A collection of my personal projects

DataScout AI: A Retrieval-Augmented Generation (RAG) LLM Application for Website and PDF Querying
DataScout AI is a large language model chatbot application that simplifies data retrieval and analysis by using Retrieval-Augmented Generation (RAG). Built with LangChain and OpenAI GPT 3.5 Turbo model, it allows users to query information from uploaded documents (PDF, DOCX, TXT) and URLs in natural language. The app processes data by extracting content, splitting into manageable chunks, generating embeddings, and storing them in a FAISS vector index for efficient search and retrieval. Users can ask questions in natural language, and the app retrieves relevant information from the indexed content to generate accurate, source-backed answers in real time. Deployed on Streamlit Cloud, DataScout AI is a scalable and user-friendly solution for anyone looking to streamline the process of extracting insights from large volumes of text.

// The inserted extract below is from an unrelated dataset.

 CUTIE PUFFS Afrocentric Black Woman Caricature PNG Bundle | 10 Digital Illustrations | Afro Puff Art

Advanced Loan Default Classification
Developed a machine learning model to assist lenders in the SBA loan approval process focusing on key features like loan term, issuing bank, and business location. The model, trained on historical data, predicts loan repayment likelihood, helping lenders make informed decisions that support responsible lending while increasing access to capital for qualified small businesses. Multiple machine learning models, including Logistic Regression, GLM, GBM, XGBoost, LightGBM, Random Forest and Decision Tree, were evaluated, with the Decision Tree model achieving a robust 89% accuracy and an F1 score of 0.886. The project prioritized the F1 score to ensure balanced precision and recall, addressing imbalanced data challenges. SHAP was used for model explainability, offering deep insights into feature importance, thereby streamlining the loan assessment process and reducing lending risks.

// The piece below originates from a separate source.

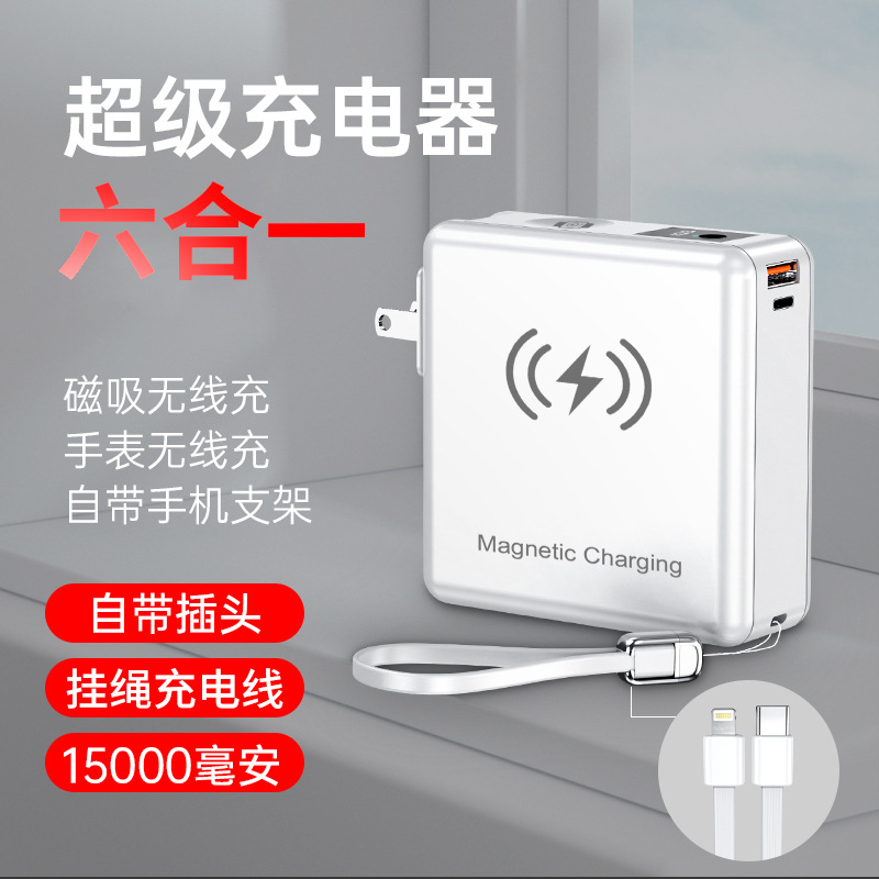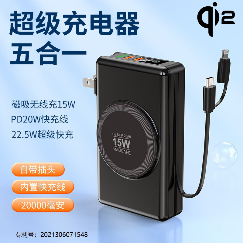 プラグ付きクロスボーダー PD20W 高速充電、有線磁気ワイヤレスパワーバンク 10,000 mAh ファイブインワンモバイル電源

Satellite-based model for rice crop mapping and monitoring
This project involved developing a satellite-based model to map and monitor rice crops in An Giang province, Vietnam, using Sentinel-1 radar and Landsat 8-9 imagery. The model processed these datasets to accurately distinguish between rice and non-rice fields across 600 georeferenced locations. It addresses the challenges faced by Vietnam's rice industry in the Mekong Delta, which is threatened by land degradation, climate change, and rising sea levels. By leveraging satellite data and machine learning, the project aims to improve precision agriculture, inform agricultural policy, enhance market intelligence, and optimize water resource management, ultimately ensuring food security and sustainability in the region.

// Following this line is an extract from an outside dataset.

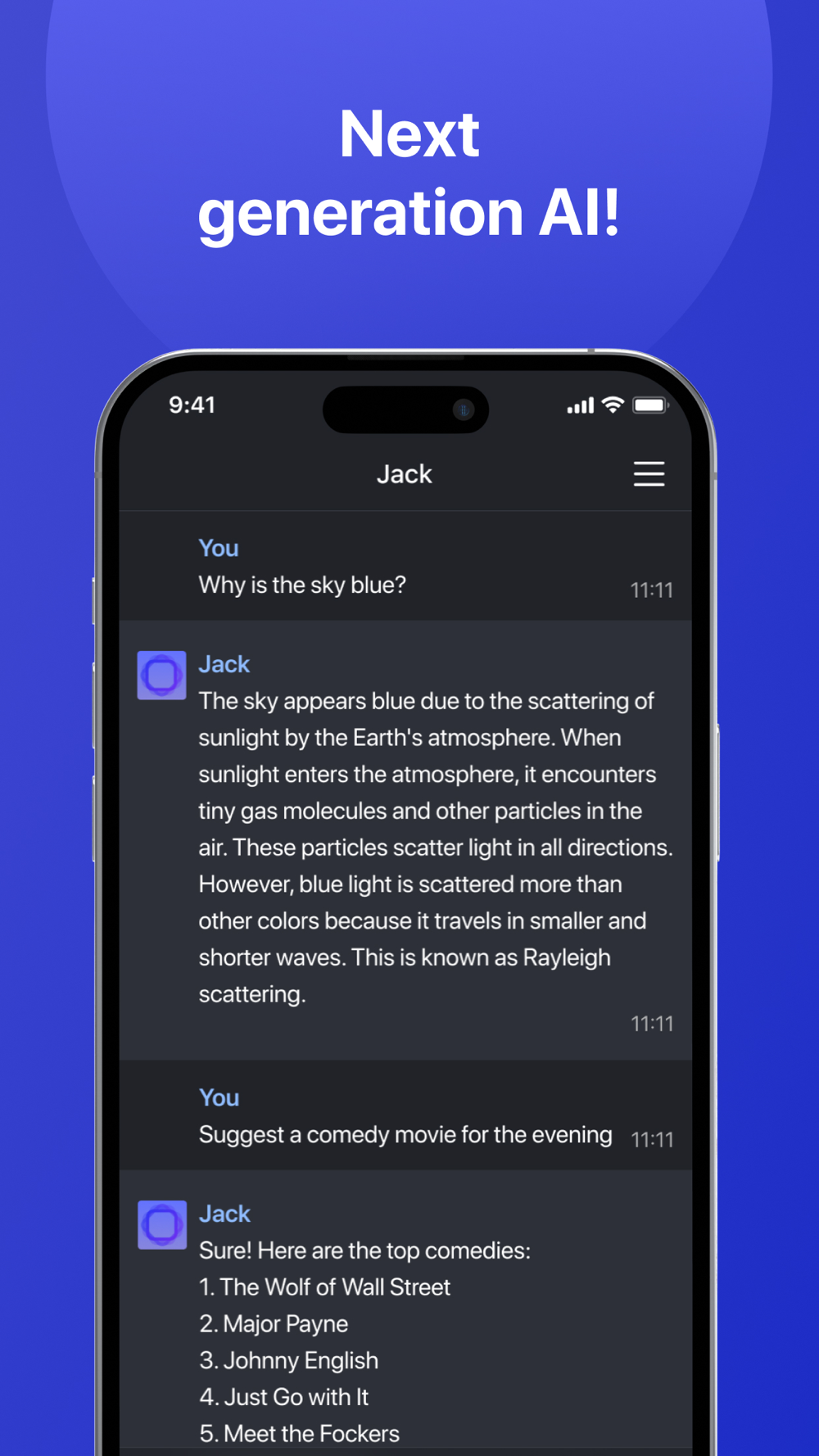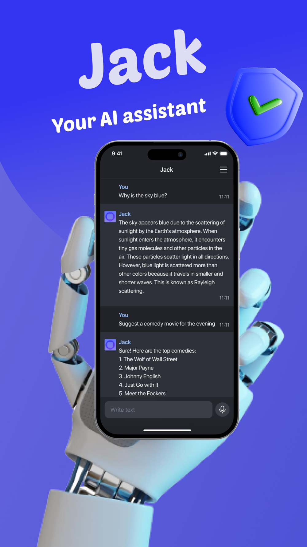Jack chatbot helps you quickly get answers to any questions and tackle various tasks in everyday life, education, and business on the go. Jack ChatBot is an innovative solution for those seeking simple and reliable access to cutting-edge technologies based on artificial intelligence. Download the app today and start chatting with Jack ChatBot right now!

Movie recommendation system
This project developed a personalized movie recommendation system to address the overwhelming number of choices available on streaming platforms. Using the MovieLens 25M dataset, the project explores various recommendation techniques, including content-based filtering, collaborative filtering, and Item-Item recommendations with k-Nearest Neighbors (kNN). By using advanced algorithms, the system analyzes user preferences and movie attributes to provide tailored recommendations. This helps users spend less time searching and more time enjoying great movies.

COVID-19 SQL data exploration
This project focuses on analyzing COVID-19 trends and insights using SQL on a comprehensive global dataset that includes case counts, vaccination rates, mortality rates, and demographic data. The goal is to identify critical patterns, such as the relationship between vaccination coverage and infection rates, the effectiveness of public health interventions, and the geographic and demographic factors influencing the spread of the virus. Through advanced SQL querying and data manipulation, this project aims to generate actionable insights that can inform public health policies, enhance pandemic response strategies, and deepen our understanding of COVID-19’s impact on different populations.